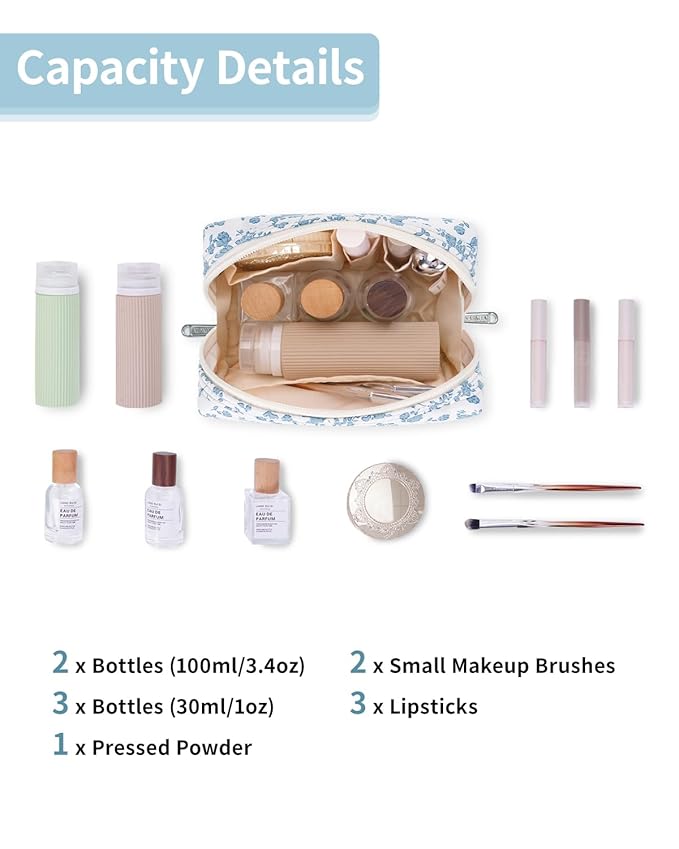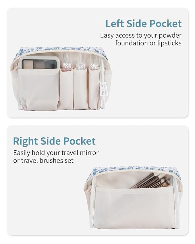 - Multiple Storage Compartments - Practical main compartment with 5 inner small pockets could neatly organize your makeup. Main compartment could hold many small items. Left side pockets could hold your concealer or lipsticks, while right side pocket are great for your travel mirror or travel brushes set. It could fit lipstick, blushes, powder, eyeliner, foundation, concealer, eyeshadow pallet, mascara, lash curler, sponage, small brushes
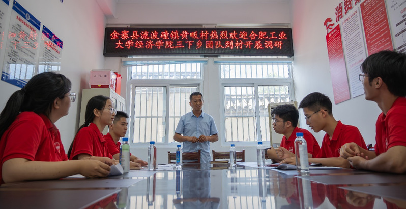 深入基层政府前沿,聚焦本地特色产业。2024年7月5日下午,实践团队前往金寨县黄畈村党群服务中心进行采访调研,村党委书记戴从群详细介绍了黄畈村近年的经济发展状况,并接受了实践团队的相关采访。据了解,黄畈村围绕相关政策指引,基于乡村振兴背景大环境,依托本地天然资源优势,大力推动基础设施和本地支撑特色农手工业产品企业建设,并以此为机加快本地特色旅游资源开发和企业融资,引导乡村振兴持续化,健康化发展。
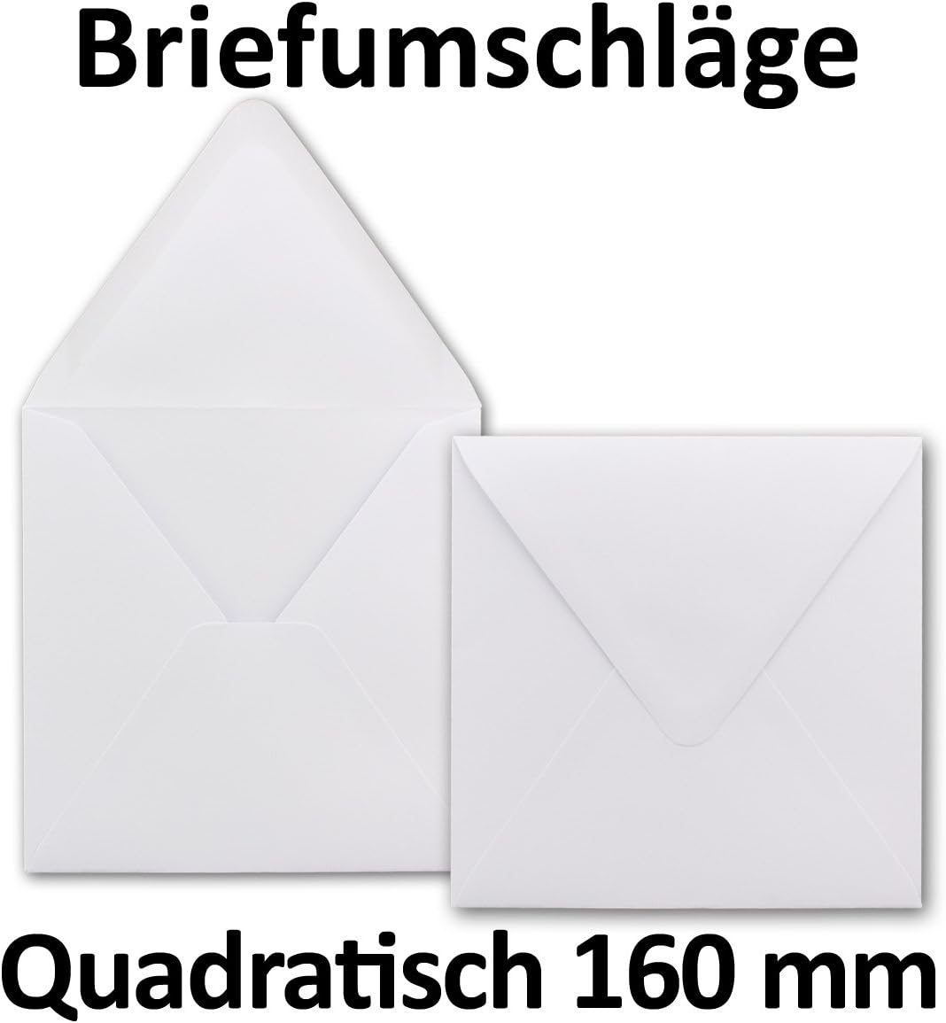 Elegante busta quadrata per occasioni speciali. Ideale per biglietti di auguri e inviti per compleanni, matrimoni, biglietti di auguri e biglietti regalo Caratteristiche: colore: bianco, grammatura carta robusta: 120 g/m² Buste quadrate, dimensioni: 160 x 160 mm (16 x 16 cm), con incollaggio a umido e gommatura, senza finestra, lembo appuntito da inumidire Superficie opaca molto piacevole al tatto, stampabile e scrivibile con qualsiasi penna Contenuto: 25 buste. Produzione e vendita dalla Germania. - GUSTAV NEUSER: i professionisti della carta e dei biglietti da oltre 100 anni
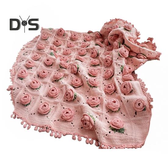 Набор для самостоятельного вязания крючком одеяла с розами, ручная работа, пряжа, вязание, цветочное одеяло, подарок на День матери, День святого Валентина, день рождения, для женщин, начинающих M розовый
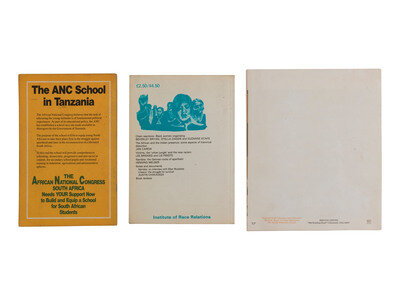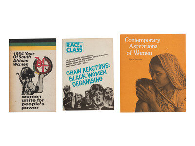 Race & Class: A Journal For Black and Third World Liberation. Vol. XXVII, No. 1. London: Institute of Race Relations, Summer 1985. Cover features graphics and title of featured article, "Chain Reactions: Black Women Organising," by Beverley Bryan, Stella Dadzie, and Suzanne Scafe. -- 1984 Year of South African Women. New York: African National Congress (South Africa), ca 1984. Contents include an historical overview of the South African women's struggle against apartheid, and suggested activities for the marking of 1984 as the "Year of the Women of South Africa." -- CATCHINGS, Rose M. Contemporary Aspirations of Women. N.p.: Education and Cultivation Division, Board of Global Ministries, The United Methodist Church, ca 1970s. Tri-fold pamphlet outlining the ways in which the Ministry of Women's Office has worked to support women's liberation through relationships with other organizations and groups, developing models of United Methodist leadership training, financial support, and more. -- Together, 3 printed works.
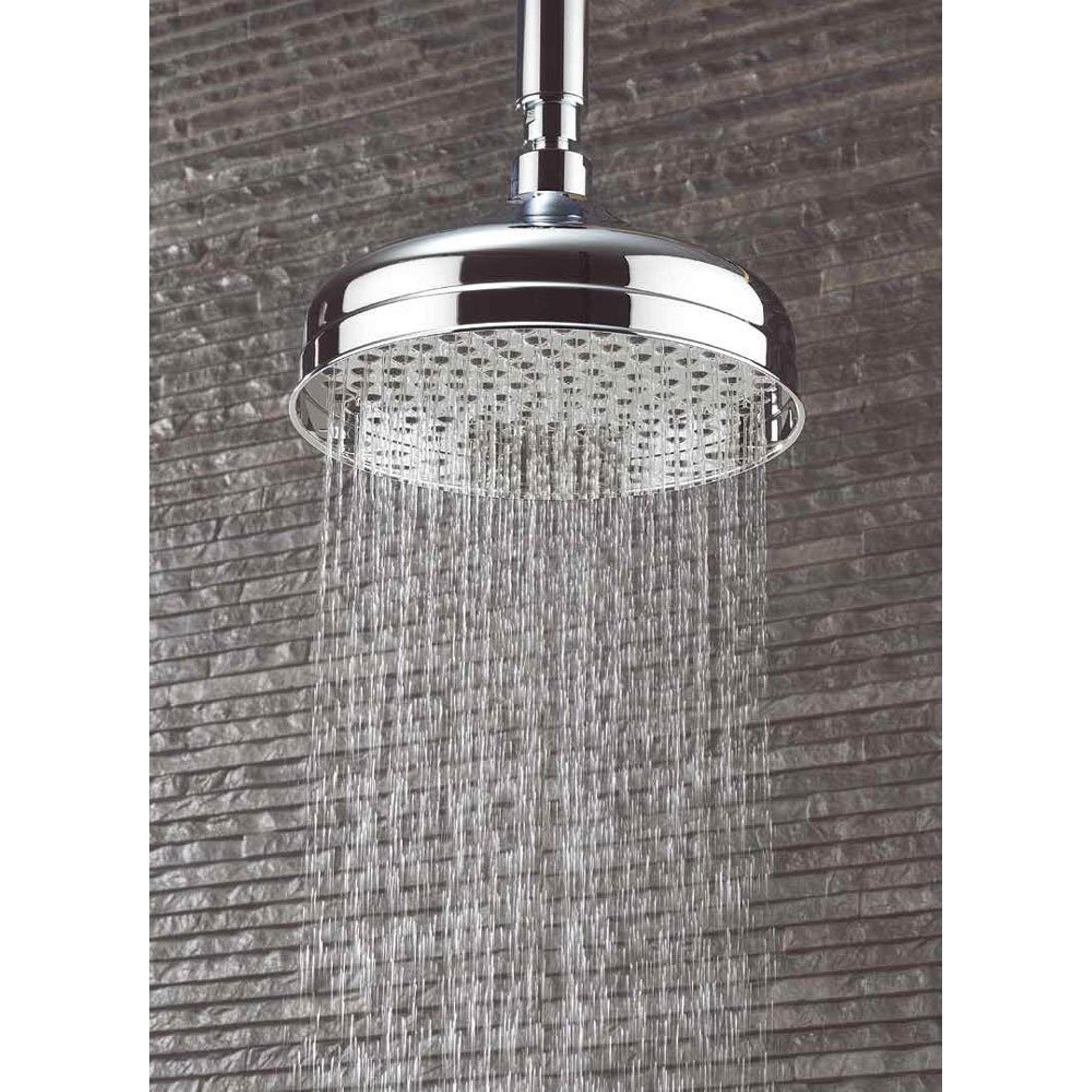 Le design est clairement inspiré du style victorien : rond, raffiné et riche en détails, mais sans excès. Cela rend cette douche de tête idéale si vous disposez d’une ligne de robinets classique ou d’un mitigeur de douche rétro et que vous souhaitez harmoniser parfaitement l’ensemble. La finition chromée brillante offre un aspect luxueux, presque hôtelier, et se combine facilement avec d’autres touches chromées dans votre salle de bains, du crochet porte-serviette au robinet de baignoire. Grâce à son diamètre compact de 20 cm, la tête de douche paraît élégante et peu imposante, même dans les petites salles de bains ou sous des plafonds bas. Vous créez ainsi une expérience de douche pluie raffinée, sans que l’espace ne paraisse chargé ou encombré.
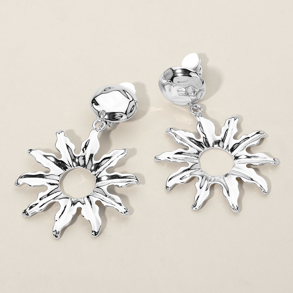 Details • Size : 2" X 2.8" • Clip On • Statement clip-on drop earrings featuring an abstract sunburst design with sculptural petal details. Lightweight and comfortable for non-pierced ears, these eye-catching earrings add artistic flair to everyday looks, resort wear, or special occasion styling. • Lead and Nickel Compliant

──────────

From the records above, copy only the lines running from the line holding "Elegante busta quadrata" through the line holding "Набор для самостоятельного", with no pictures.

## Exercise answer
 Elegante busta quadrata per occasioni speciali. Ideale per biglietti di auguri e inviti per compleanni, matrimoni, biglietti di auguri e biglietti regalo Caratteristiche: colore: bianco, grammatura carta robusta: 120 g/m² Buste quadrate, dimensioni: 160 x 160 mm (16 x 16 cm), con incollaggio a umido e gommatura, senza finestra, lembo appuntito da inumidire Superficie opaca molto piacevole al tatto, stampabile e scrivibile con qualsiasi penna Contenuto: 25 buste. Produzione e vendita dalla Germania. - GUSTAV NEUSER: i professionisti della carta e dei biglietti da oltre 100 anni
 Набор для самостоятельного вязания крючком одеяла с розами, ручная работа, пряжа, вязание, цветочное одеяло, подарок на День матери, День святого Валентина, день рождения, для женщин, начинающих M розовый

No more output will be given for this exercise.